Find out who are the happy customers for the bank by analyzing their wide transaction data in different product lines.
Project: Kaggle: Santander Customer Satisfaction (* the biggest competition in Kaggle to-date in terms of number of participants)
Objective: Given a wide range of transaction data across different product lines of the bank, we were to find out the customers who are likely to be unsatisfied with the bank's service. The inherent problem was that, the training instances contained a number of cases where the customer were not happy with the bank's service but also they never bothered to lodge a complaint and that made training the model difficult due to shortage of sufficient signal. Also, the pretty small size of the data came with a huge amount of noise which was a challange to deal with. We explored a number of different methods for feature selection and also trained different models keeping a close eye on the cross-validation score for each of them. Finally, we ranked 4th out of a total of 5123 participating teams.

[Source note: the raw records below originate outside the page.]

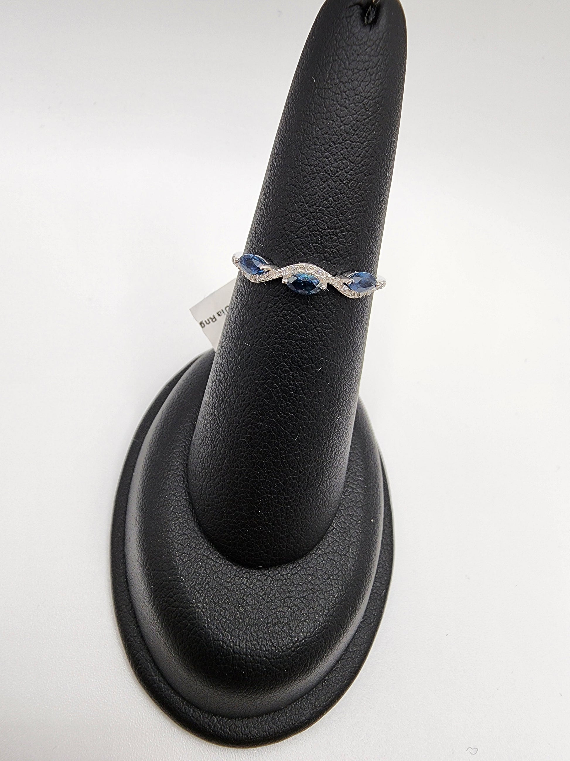 14KT White Gold Marquise CUT Sapphire W/.10 Diamond Ring its a luxurious addition to any jewelry collection.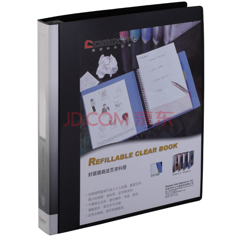 商品相册:齐心(Comix) NF407A-S 活页资料册A4 40页30孔塑胶夹文件册 黑色第1张/共5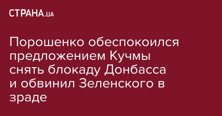 Экс-президент Украины Петр Порошенко заявил об обеспокоенности возможным снятием экономической блокады с ОРДЛО по предложению Леонида Кучмы и Владимира Зеленского. Об этом он сообщил на своей странице в Facebook.

Time Frame: March, 2016 - May, 2016
Evaluation Metric: Area Under the ROC curve
Team - Bishwarup Bhattacharjee - Branden Murray - Mohamed Bibimoune
Total Participating Teams: 5123
Final Standing: 4th
Maximum AUC achieved: 0.82847
Models used:
Elastic Net (R)
Xgboost (R/ python)
RandomForest(R/ python/ h2o)
ExtraTrees (python)
Suppor Vector Machine (Linear Kernel) (R)
K-nearest neighbours (R/ python)